ICP and XPS are used in combination for the detection of elements content. First, the ICP result displays that the content of Zr and Ti are 0.4567 and 2.417 g/L, respectively. Therefore, Zr/Ti molar ratio is 0.0992. The result is very close to the theoretical value of 0.1, demonstrating that Zr has been successfully introduced to TiO2(Zr0.1). Then, the XPS results show that Ti, Zr, O, C atoms are detected over TiO2(Zr0.1) (Table S1). The appearance of Zr and C species are due to the introduction of Zr in the framework of TiO2 and the adsorption of CO2 on the surface. According to the results, the Zr/Ti molar ratio of 0.0993 is calculated. The value is in accordance with that of ICP, demonstrating that TiO2(Zr0.1) is successfully prepared. After the functionalization, N is observed on TEPA(n)/TiO2(Zr0.1). With the rise of TEPA immobilization, the content of N species increases rapidly. However, some C, N and O species in the air are also be detected, leading to a little deviation. The results of XPS provide further evidence for the successful introduction of TEPA.

3.1.5. N2 adsorption-desorption

Fig. S1 and Table S2 illustrate the N2 adsorption-desorption results of TiO2(ZrN) and TEPA(n)/TiO2(Zr0.1). All of Zr-doped TiO2 supports have been characterized by N2 adsorption/desorption technique. When the molar ratio of Zr/Ti is less than 0.1, the supports exhibit large SBET, pore diameter and pore volume. With the rise of Zr/Ti ratio, the SBET, pore diameter and pore volume decrease gradually. Compared with these supports, the material of TiO2(Zr0.125) displays little SBET, pore diameter and pore volume. The results may be caused by the introduction of Zr species in the framework of TiO2. When the molar ratio of Zr/Ti is large than 0.1, new product of ZrO2 may be dispersed on the surface [36]. Therefore, the SBET, pore diameter and pore volume decreased rapidly and TiO2(Zr0.1) is selected as the support in this paper. In addition, the total pore volume decreases but the microporous volume increases with the increase of Zr and TEPA content. The radius of Zr is larger than Ti. With the doping of Zr, a part of Ti atoms are replaced by Zr species. In addition, the loading of TEPA in the pore channels is beneficial to the further decline of pore volume and the formation of micropores. Therefore, there is an enhancement for the microporous volume and a reduction for the total volume.
TiO2(Zr0.1) shows type IV adsorption-desorption curve with a hysteresis loop.

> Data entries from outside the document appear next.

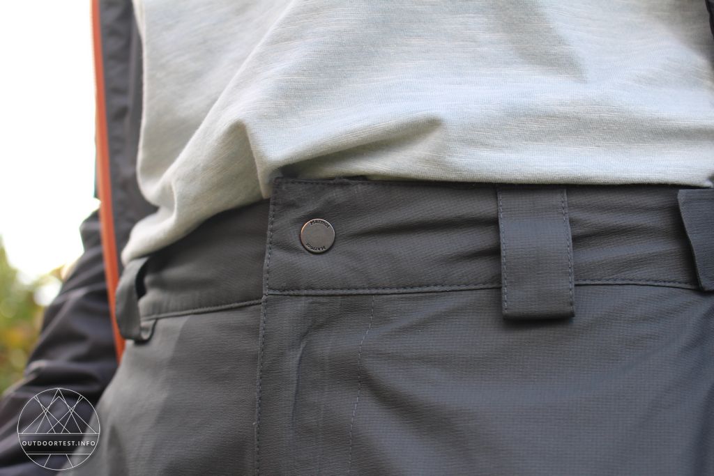 Der Hosenbund ist extra breit und weich unterlegt. Die Gürtelschlaufen sind groß, so dass wirklich jeder Gürtel hindurch passt. Links und rechts am Bund befinden sich Klettstreifen, mit denen die Weite individuell reguliert werden kann. Dies ist sehr praktisch, weil man so auch ohne Gürtel die Hose passend in der Weite einstellen kann. Somit drückt kein Gürtel unter dem Bauchgurt oder Rucksackgewicht.
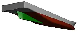 - Sur une planche de raceboard, participe au plan anti-dérive avec la dérive et les cares.
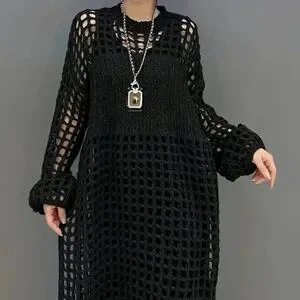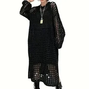 Open Knit Hollow Long Sweater Dress
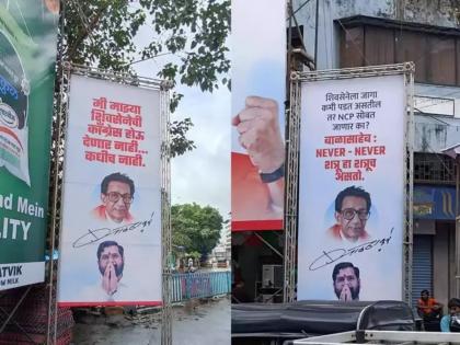 शिवसेनेला जागा कमी पडत असतील तर NCP सोबत जाणार का? असा प्रश्न बाळासाहेबांना विचारण्यात आला होता. ''NEVER-NEVER शत्रू हा शत्रूच असतो'', असं उत्तर त्यावेळी बाळासाहेबांनी दिलं होतं. याचीच आठवण करुन देणारा बॅनर लावण्यात आला आहे. बॅनरवर शिवसेना पक्षप्रमुख बाळासाहेब ठाकरे आणि त्यांची स्वाक्षरी. त्याखाली मुख्यमंत्री एकनाथ शिंदे यांचा फोटो छापण्यात आला आहे.
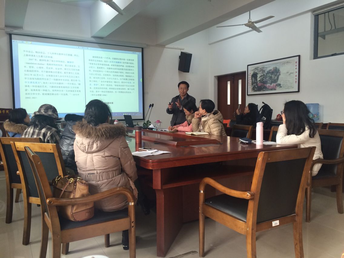 根据学校对于人才培养的新要求,秉持“各取所需,个性发展,强化能力,突出应用”的改革理念,2014年起,实施了全新的大学英语课程模块设置和修读模式,以满足社会和学生发展的多元需求,提高学生的语言应用能力,帮助他们提升国际竞争力。在一年多的教改实践中,针对翻译模块师资紧缺、教师在岗专业培训系统化、持续化、常规化与精准化不足等问题,以提高翻译模块教师教学与科研水平,最终提高教学质量为宗旨,大学英语拓展部精心组织了“卓越课堂”翻译模块互动式系列讲座。系列讲座主要邀请翻译方向的资深教授与翻译模块教师进行翻译教学研究方面的分享、交流与互动。首场讲座于12月28日在一品探花

Besides, the pore diameter is within 2–40 nm and the pore volume is about 0.261 cm3/g. The results suggest that the Zr-doped support is a mesoporous material. Similar to the previous work [22, 31], the SBET, Vp and dp decrease rapidly with the rise of TEPA content as a result of the pore filling of TEPA. However, all of the pore diameters are within 2–50 nm. Consequently, both of TiO2(Zr0.1) and the modifiers of TEPA(n)/TiO2(Zr0.1) synthesized in this work are mesoporous materials.

3.1.6. Thermogravimetric analysis (TGA)

Fig. S2 displays the TGA profiles of TiO2(Zr0.1) and TEPA(n)/TiO2(Zr0.1). There is little weight loss over TiO2 and TiO2(Zr0.1), indicating that the support is stable before 600°C. Compared with TiO2(Zr0.1), the modifiers exhibit lower thermal stability as a result of the decomposition of TEPA. Similar to the previous work reported by Kuwahara [26], the decomposition temperature of TEPA(n)/TiO2(Zr0.1) is about 180°C, which is 27°C higher than that of TEPA(40)/TiO2 without Zr species. In addition, the thermalstability of TEPA(n)/TiO2(Zr0.1) is also higher than the traditional adsorbents synthesized by loading amines on SiO2 [25, 26], which is attributed to the condonation bond between Zr and N species. The TGA results suggest that Zr species in the framework has a positive influence on the thermal stability of TEPA immobilized TEPA/TiO2(Zr0.1).
With the rise of TEPA/TiO2(Zr0.1) mass ratio, there is an increase of TEPA weight loss. For TEPA(25)/TiO2(Zr0.1), TEPA(30)/TiO2(Zr0.1), TEPA(35)/TiO2(Zr0.1), TEPA(40)/TiO2(Zr0.1), TEPA(45)/TiO2(Zr0.1) and TEPA(50)/TiO2(Zr0.1), the weight loss of TEPA are 7.83, 8.18, 8.9, 9.35, 13.15 and 13.77%, respectively. There is a significant jump in weight loss between TEPA(40)/TiO2(Zr0.1) and TEPA(45)/TiO2(Zr0.1), which may be associated with the viscosity of TEPA. When the mass ratio of TEPA/TiO2(Zr0.1) is large than 40%, TEPA is excess and could not be dispersed well in the solution. These TEPA molecules coats on the surface of the support. These molecules could not be removed at low temperature. Therefore, the jump is observed. In addition, there is a difference between the theoretical load and the actual load. This phenomenon could be explained by the pore structure of TiO2(Zr0.1), the content of Zr, and the intermolecular repulsion of TEPA. First, TiO2(ZrN) is a mesoporous material. However, the pore volume is too small to accommodate all the TEPA molecules. Besides, the content of Zr is limited. The number of acidic sites will decline rapidly with the reaction between Zr and TEPA, leading to the decrement of the attraction between the support and TEPA. Finally, TEPA in the pore channels have an intermolecular repulsion to that outside the pore. Therefore, some TEPA could not get access to the pore channels. Based on these, the difference is observed.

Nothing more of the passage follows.